Exercise is good medicine

As several of my Power for Parkinson’s instructors are fond of repeating “Motion is the Lotion.”

As late as 2018, the society for Movement Disorders (or International Parkinson’s and Movement Disorder Society, to be more exact) had stated that there was insufficient evidence that exercise had any effect on the progression of the disease or its symptoms. (The exact reference can be found in an earlier post in which I included a presentation with references to studies linking the effects of music and dance as the best of the best forms of exercise (it goes without saying, however, that the best exercise is the one that you yourself find and enjoyable and reinforcing, and will therefore actually continue to do).)(Although I just said it, in contradiction to the previous sentence.)(Come to think of it, I should update that presentation with more current citations…)

Which brings us up to 2025, just seven years later, in which a review article concludes that:

These findings provide strong evidence that exercise, even light intensity, benefits general cognition, memory and executive function across all populations, reinforcing exercise as an essential, inclusive recommendation for optimising cognitive health.” (Singh B, Bennett H, Miatke A, et al, Effectiveness of exercise for improving cognition, memory and executive function: a systematic umbrella review and meta-meta-analysis, British Journal of Sports Medicine Published Online First: 06 March 2025. doi: 10.1136/bjsports-2024-108589

Results 133 systematic reviews (2,724 RCTs and 258 279 participants) were included. Exercise significantly improved general cognition (SMD=0.42), memory (SMD=0.26) and executive function (SMD=0.24).
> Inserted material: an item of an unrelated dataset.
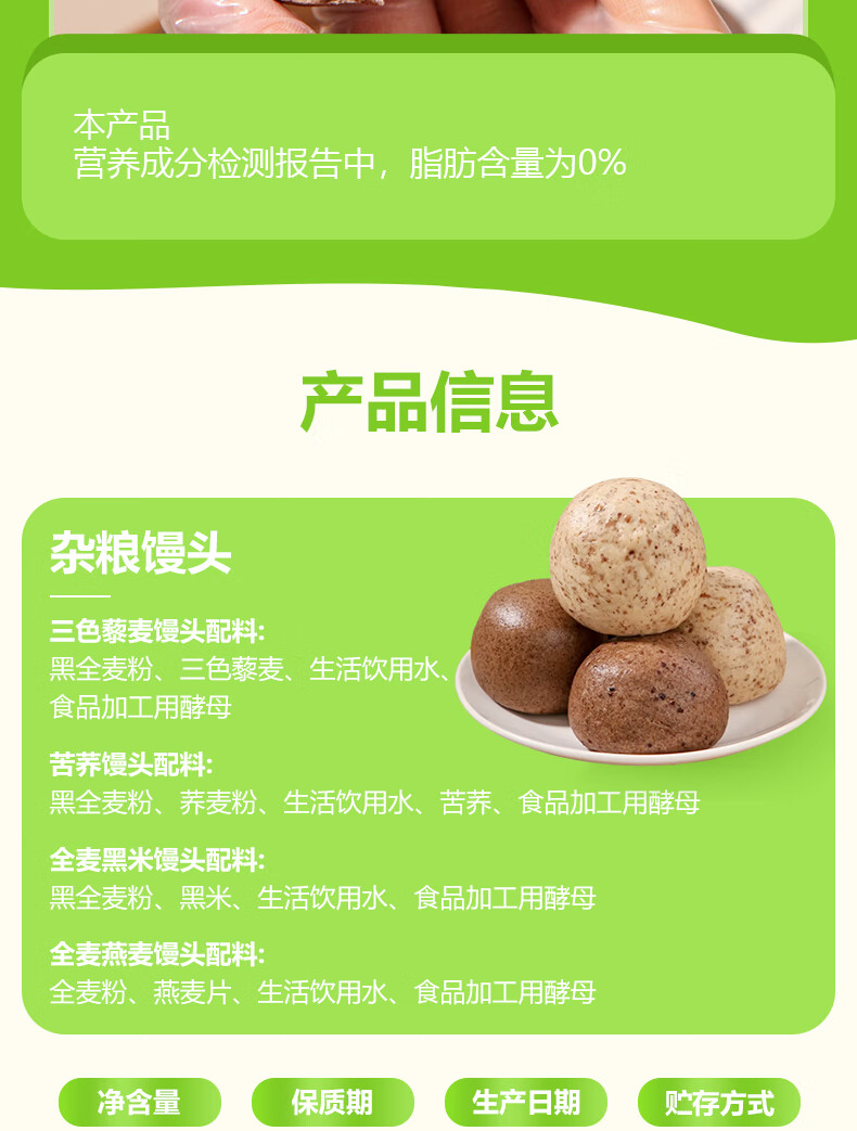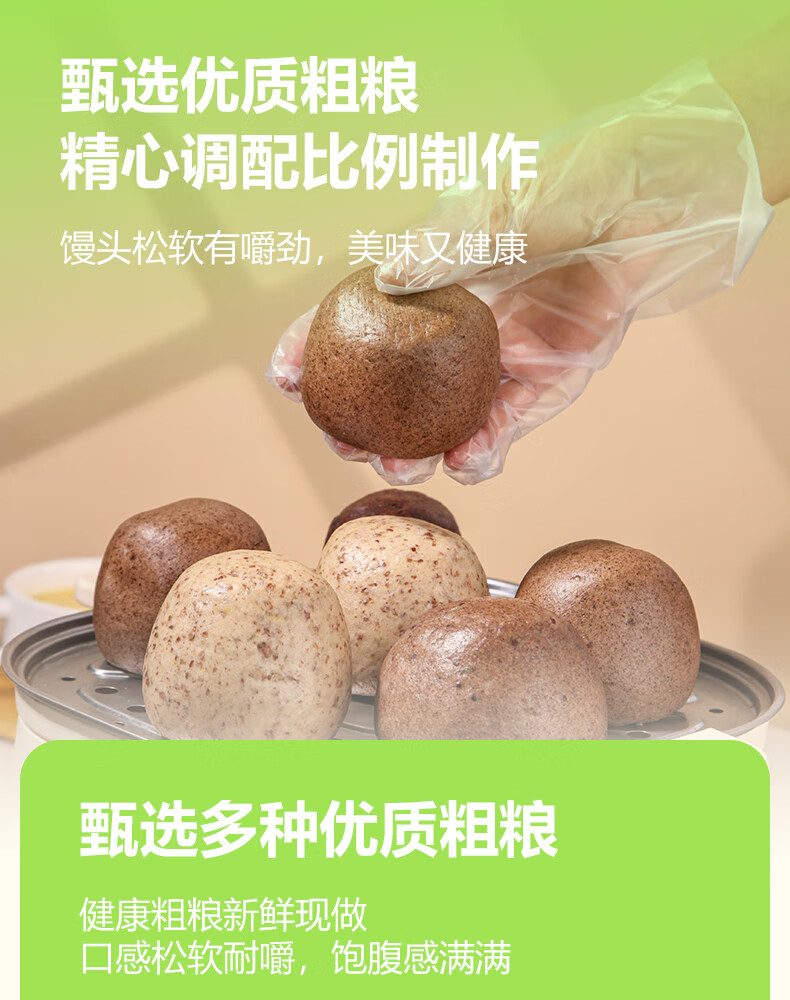 华田禾邦全麦杂粮馒头 800g*2袋 16个 手工无糖五谷杂粮包 速食面点 早餐
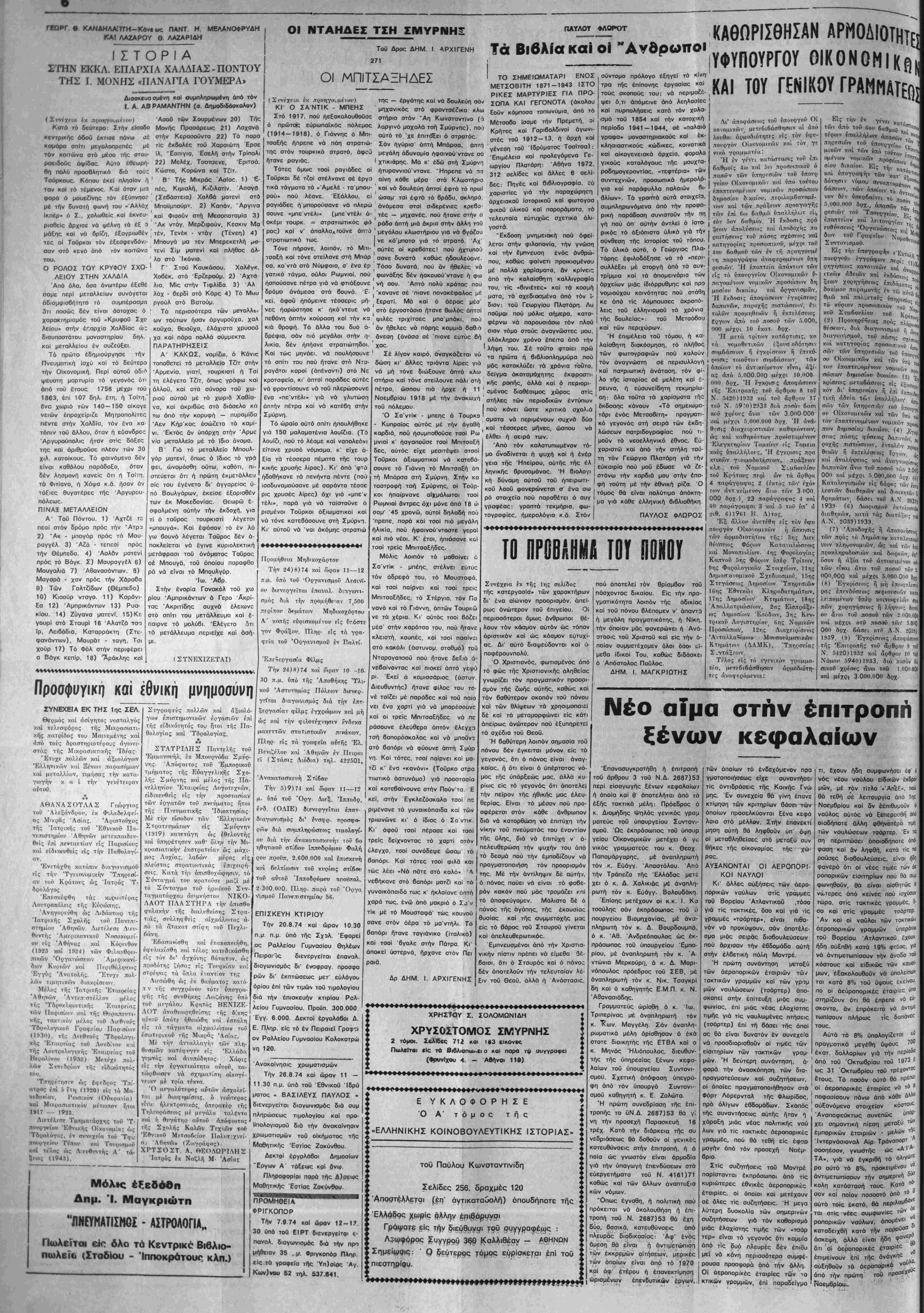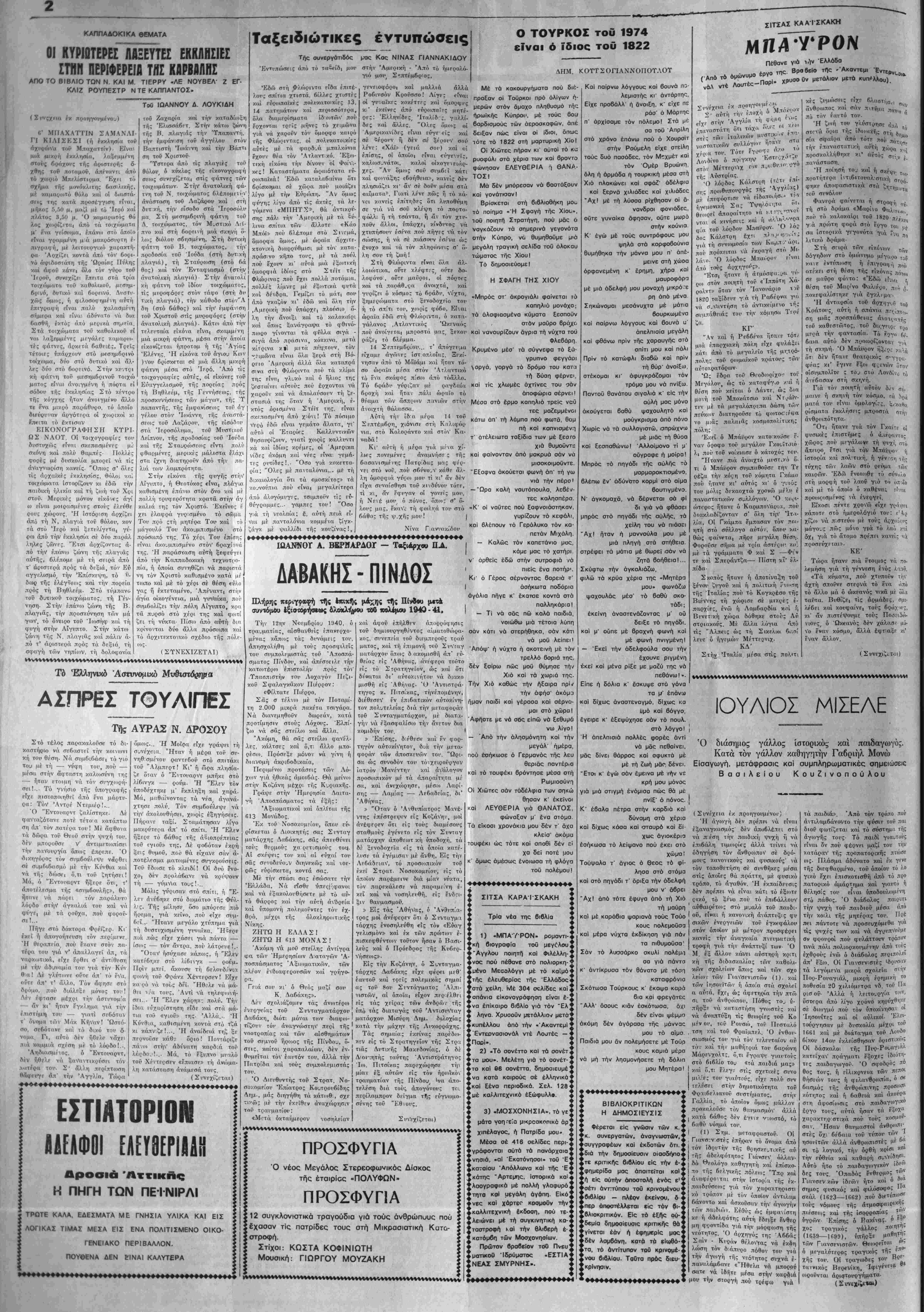 Έτος 49ον Άρ.θ. Φυλ. 2269 Σάββατον 17 Αύγούστου 1974 ΤΙΜΗ ΦΤΛΛΟΤ ΔΡΑΧΜ. 3ΪΑΙ0ΚΤΗΤΉΣ - 3ΚΔΟΤΗΣ _ ΔϋΤΘΤΝΤΗΧ ΣΥΐνΤΑΪΕβΣ ΣΩΚΡΑΈΗ- ΧΑΡ. ΣΙΝΔΝΙ__Σ —ΑΘΗΝΑΙ — ΤΗΛ. 3229.708 — Γε*φετ·> Νΐηης 2».

Memory and executive function improvements from exercise were greater for children and adolescents than for adults and older adults. Those with attention-deficit/hyperactivity disorder exhibited greater improvement in executive function than other populations. Effects were generally larger for low- and moderate-intensity interventions. Shorter interventions (1–3 months) and exergames (video games that require physical movement) had the largest effects on general cognition and memory. Findings remained statistically significant after excluding reviews rated as low and critically low quality.” (Emphasis added)

For the non-nerds out there, the review has also been been reported as Exercise of Any Kind Boosts Brain Power At Any Age in the Medical Express News by the University of South Australia.

In addition to several quotes from the lead author, Dr. Singh, the article mentioned Senior researcher Professor Carol Maher, who said exercise should be encouraged to boost cognitive health across all ages and fitness levels.

Cognitive decline and neurodegenerative disease are growing global health concerns, according to Professor Maher.

The review, which included over a quarter of a million subjects, presented compelling evidence that exercise should be integrated into health care and education settings to promote cognitive health.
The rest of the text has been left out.